Congratulations to Sally Pearson on An incredible career, spanning across 16 years. The Olympic, World and Commonwealth Champion was Undeniably an impressive competitor, a fearless champion, and a momentous role model for young athletes across Australia.

The sixth fastest hurdler in history, Sally Pearson (then McLellan) burst onto the scene in 2003 as a 16-year-old winning the World Youth 100m hurdles title. A month later she made her first Australian senior team and was part of the 4x100m relay team at the world championships in Paris.

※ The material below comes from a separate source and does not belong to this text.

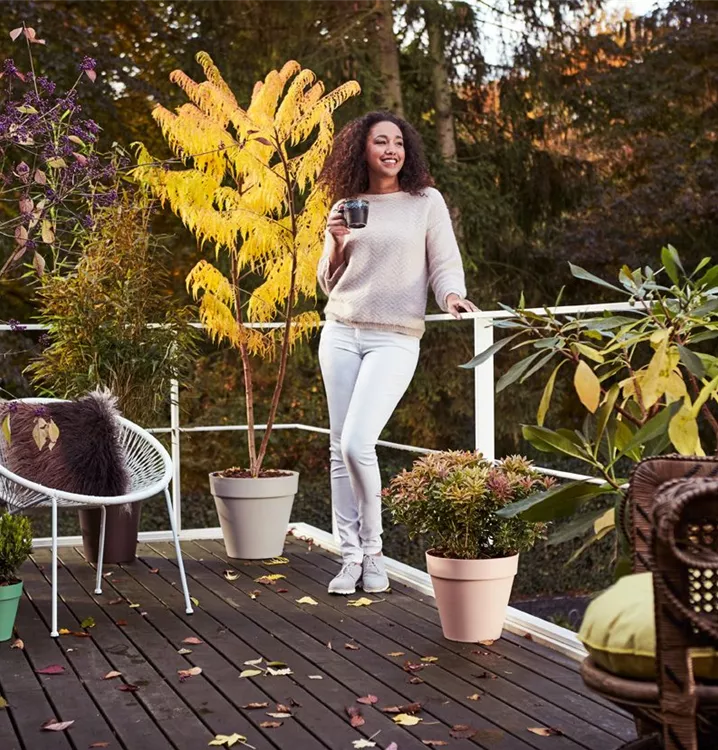 Schlicht und modern. Der Topf loft urban von elho setzt garantiert Balkon- und Terrassenbepflanzung in Szene. Er ist in verschiedenen Farben und Größen erhältlich und besteht aus recyceltem Kunststoff. Er hat im inneren ein kleines integriertes Wassereservoir wodurch Ihnen das Gießen erleichtert wird.

At the 2006 Commonwealth Games in Melbourne Sally spectacularly fell during the 100m hurdles final. Despite being battered and bruised, she bravely turned up the following day and guided Australia to a bronze medal in the 4x100m relay.

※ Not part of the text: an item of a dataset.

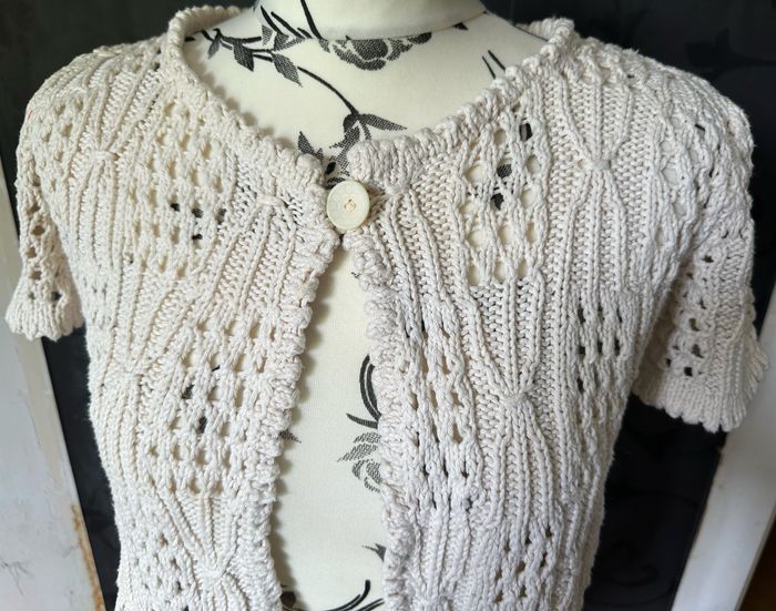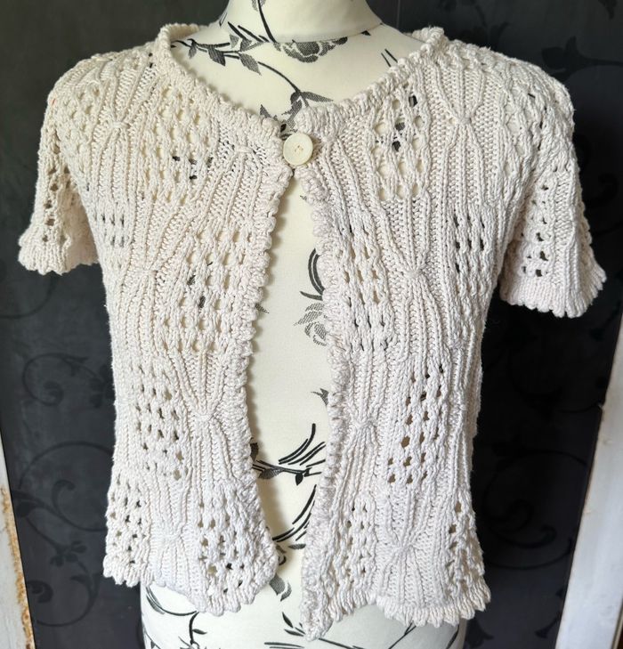 Gilet court maille crochetée écru taille 38/40 - photo numéro 1

In 2011 the Queenslander became the first Australian to be named the IAAF Female World Athlete of the Year. Her near-perfect results saw her claim 15 of the 16 100m hurdles races she competed in throughout that year, including the 2011 World Championship in a time of 12.28s.

Sally Career highlights include;

  • Olympic Gold Medalist (2012 in 100m Hurdles)
  • Olympic Silver Medalist (2008 in 100m Hurdles)
  • Olympic Record holder (12.35 in 100m hurdles, set in 2012)
  • Oceania Area Record (12.28 in 100m Hurdles, set in 2011)
  • 2 x World Championships Gold medals (2011 & 2017 in 100m Hurdles)
  • World Indoor Championships gold medallist (2012 in 60m hurdles)
  • 2 x Commonwealth Games gold medals (2010 & 2014 in 100m hurdles)
  • 16-time Australian champion (100m, 200m and 100m hurdles)
  • Australian record holder (12.28 in 100m hurdles, set in 2011)

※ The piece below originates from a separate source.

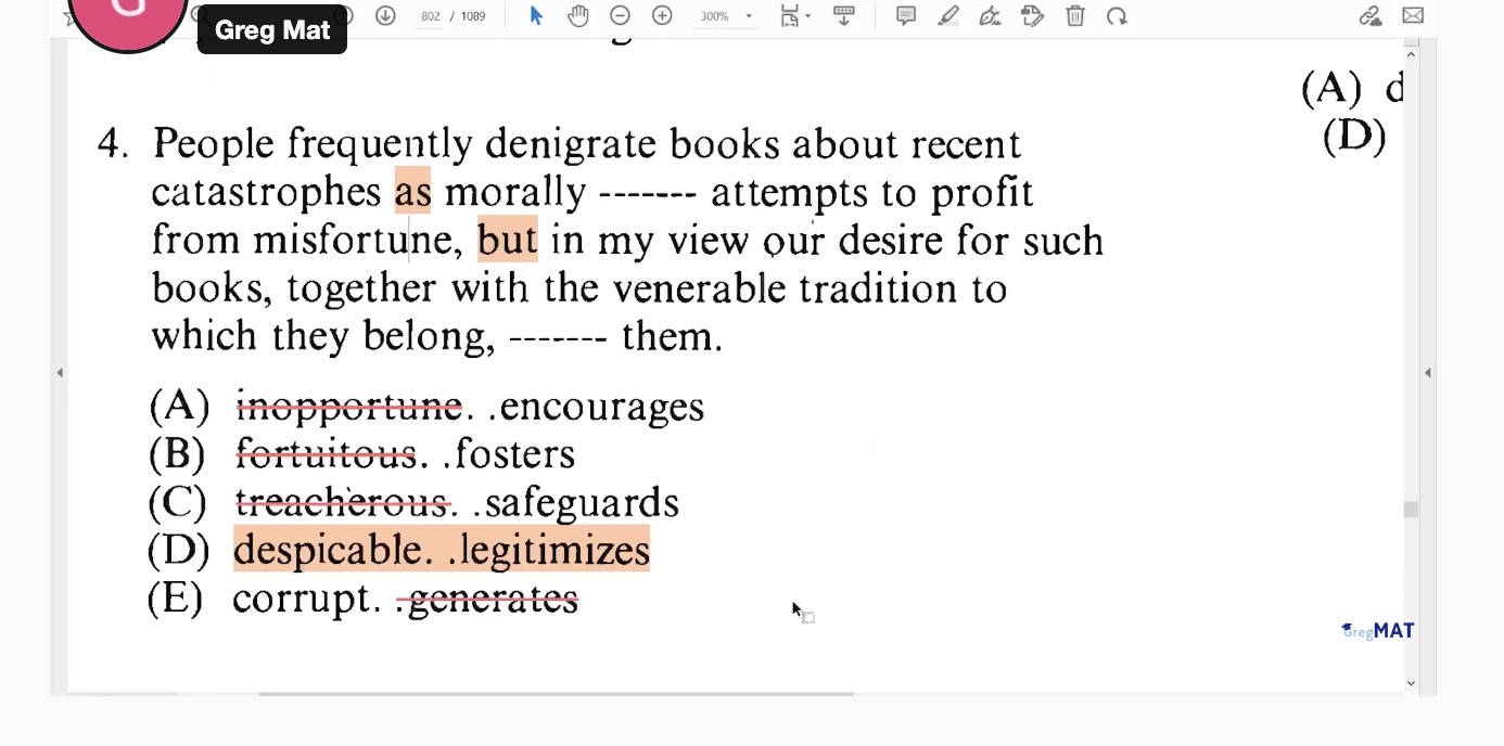 Also even for the first blank option D) makes more sense. morally despicable fits better than morally disloyal (treacherous)

In a statement, Pearson said she had battled a “series of leg injuries, six in total” while preparing for next month’s world championships in Qatar.

“I have prided myself on always being on the start line, ready to win. I no longer believe I can achieve this,” she said.

“It is, therefore, with much regret that I have concluded that it is time to retire from this phase of my life and move on to the next.”

Thank you, Sally, and we wish you all the best for your future endeavours.